今回、アメリカのノースウェスタン大学(Northwestern University)に所属するカーティス・パーイヤー氏ら研究チームは、ソーシャルメディアと炎上の関係性を調査・分析しました。
その結果、ソーシャルメディアの持つ口コミで拡散する性質が人々の義憤(または道徳的な怒り)を引き起こし易くすると分かりました。
研究の詳細は、2024年付の学術誌『Journal of Personality and Social Psychology』に掲載されました。
目次
ソーシャルメディアを通して生じる「モラルパニック」人々はシェア数が多いとより強い義憤を感じ、攻撃したくなる
ソーシャルメディアを通して生じる「モラルパニック」
多くの人々は、モラルに反する行いに対して怒りを表明してきた / Credit:Canva
モラルパニックとは、「モラルに抵触するような出来事が起こった時に、人々がそのことや特定のグループを苛烈に批判する」ことです。(※モラルパニックの定義については諸説あります)

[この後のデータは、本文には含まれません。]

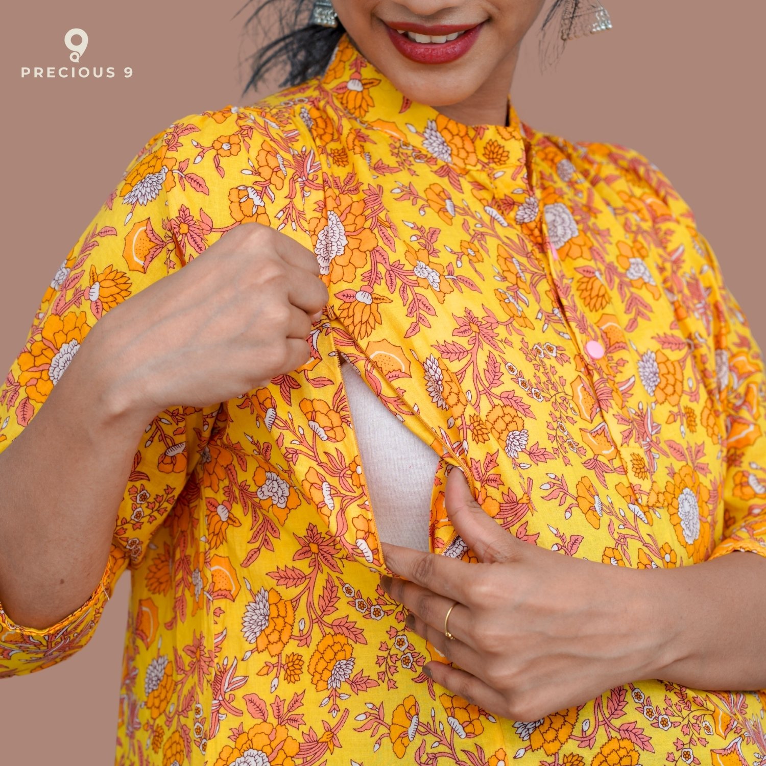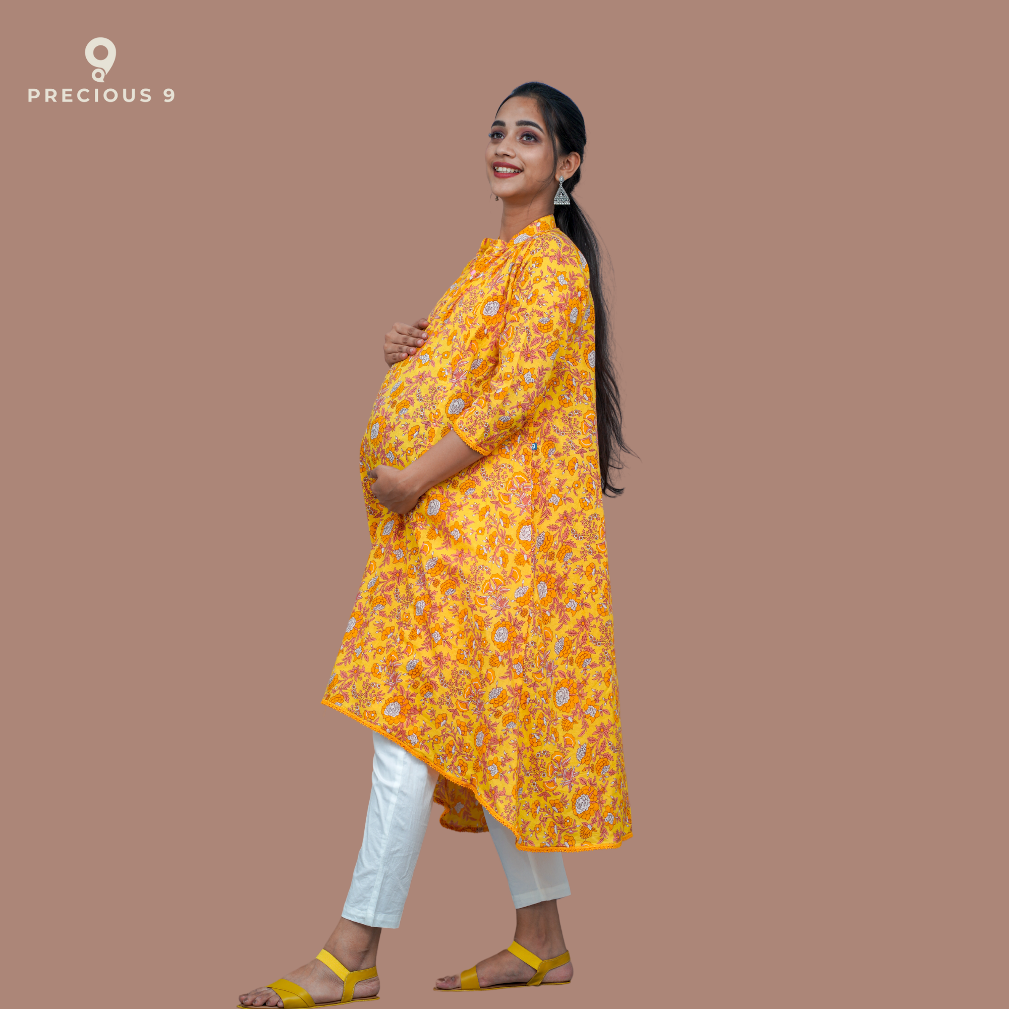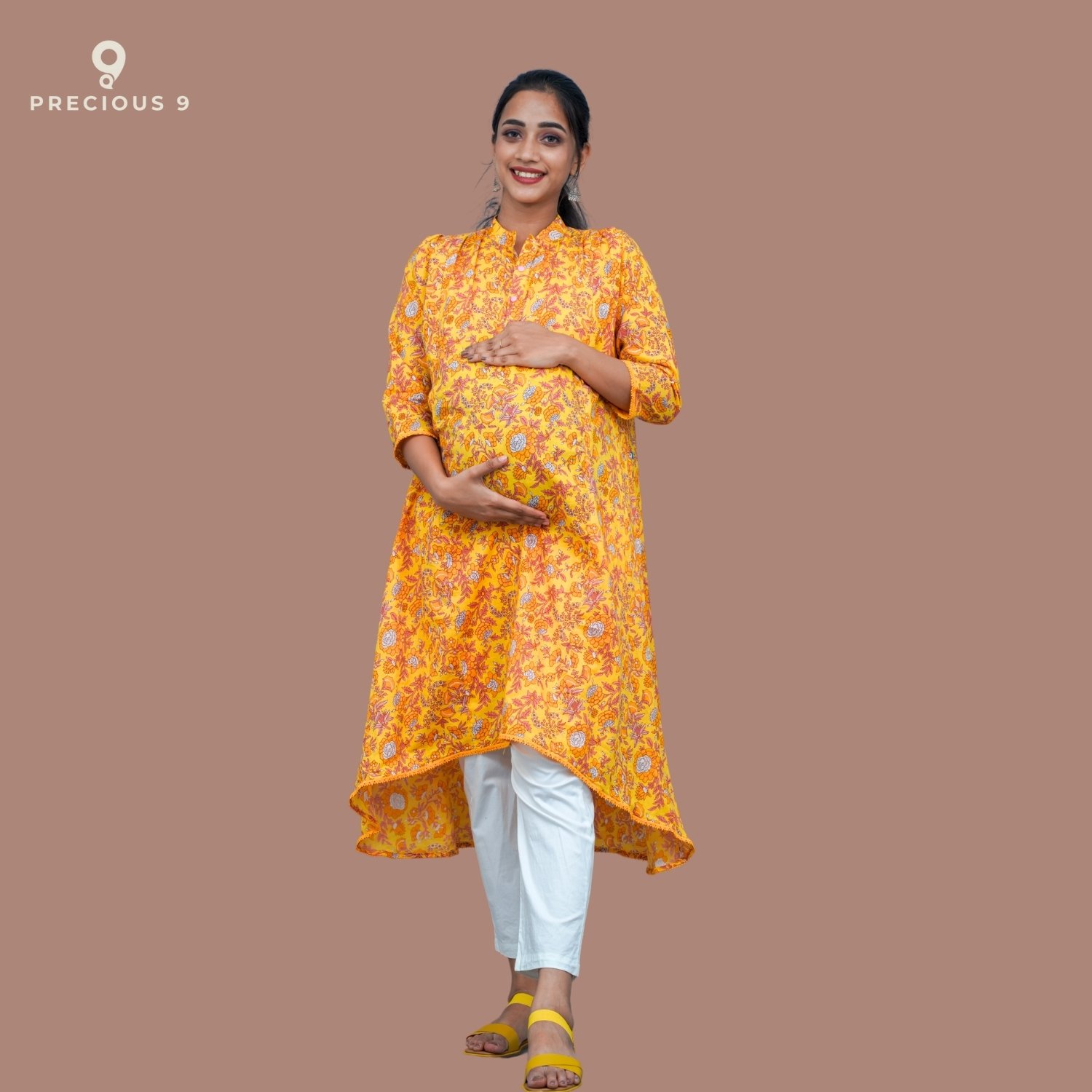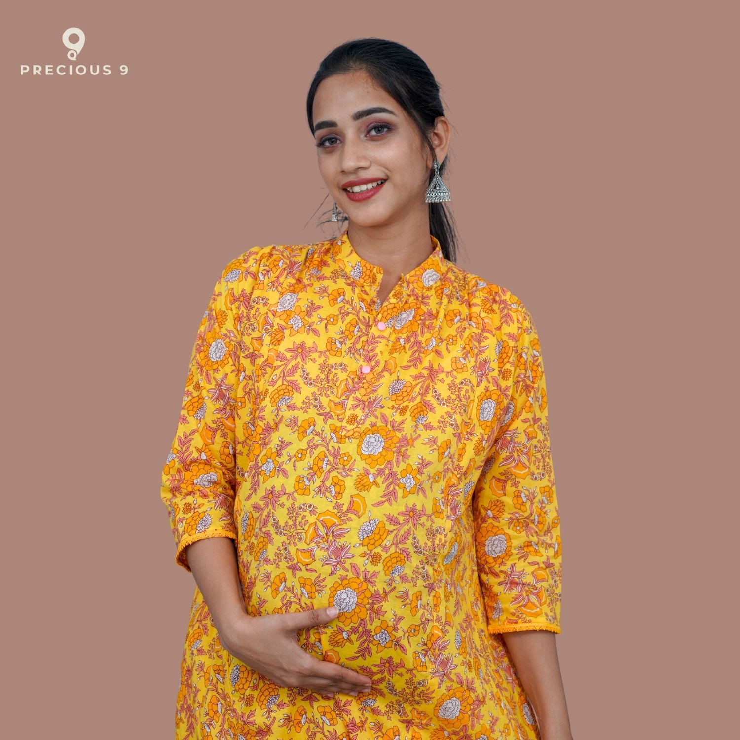 Floral printed cotton maternity kurti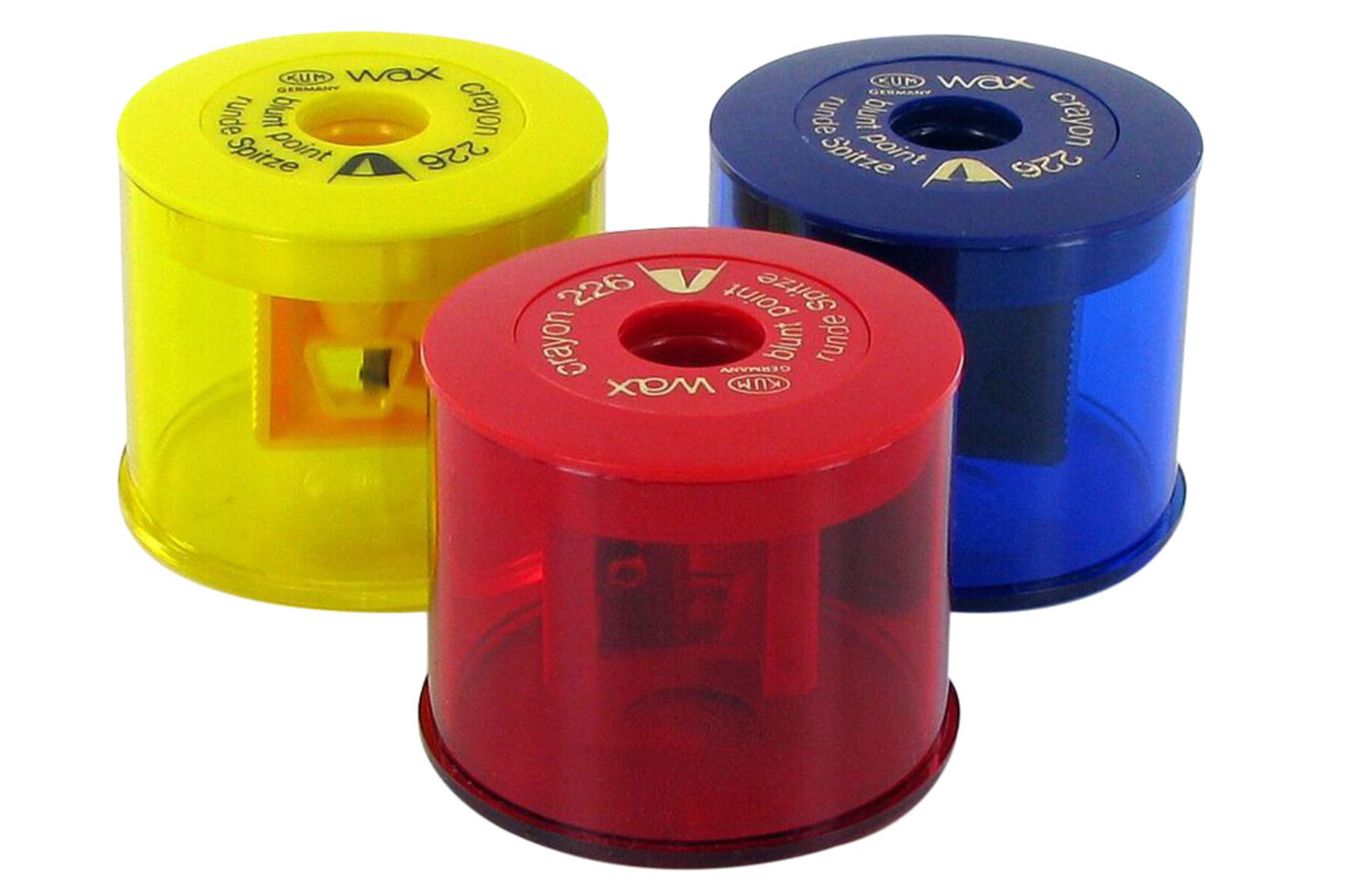 KUM waxcrayon 226 vässare för kritor upp till 12 mm. Ger en perfekt rundad spets. Passar vax-, akvarell- och plastkritor. Ej för olje- och torrpastellkritor. Rund, rymlig genomskinlig behållare. Av plast. Blandade färger. Mått H4, ø 5 cm. Från 3 år.

例えば過去には、マリファナの使用やロックンロール音楽などを脅威と認識し、それらを許容・推進する人やグループに対して、多くの人々が強い怒りを抱き、言動で示しました。
モラルパニックによって暴動が生じることもあるでしょう。
インターネットが普及し、ソーシャルメディアでニュースが扱われたり、個人の投稿が簡単に拡散されたりすると、モラルパニックによる批判や攻撃は、ネット用語の「炎上」という形で表現されるようになりました。
特にソーシャルメディアでは「政治」「環境」「多様性」などの話題で、多くの人がパニックになるほど批判コメントをする場合があります。
ソーシャルメディアを通して生じる「モラルに反する投稿」の炎上 / Credit:Canva
そして誤解や偏見、誇張された認識が広まることで、さらに大規模な炎上へと繋がっていくことがあります。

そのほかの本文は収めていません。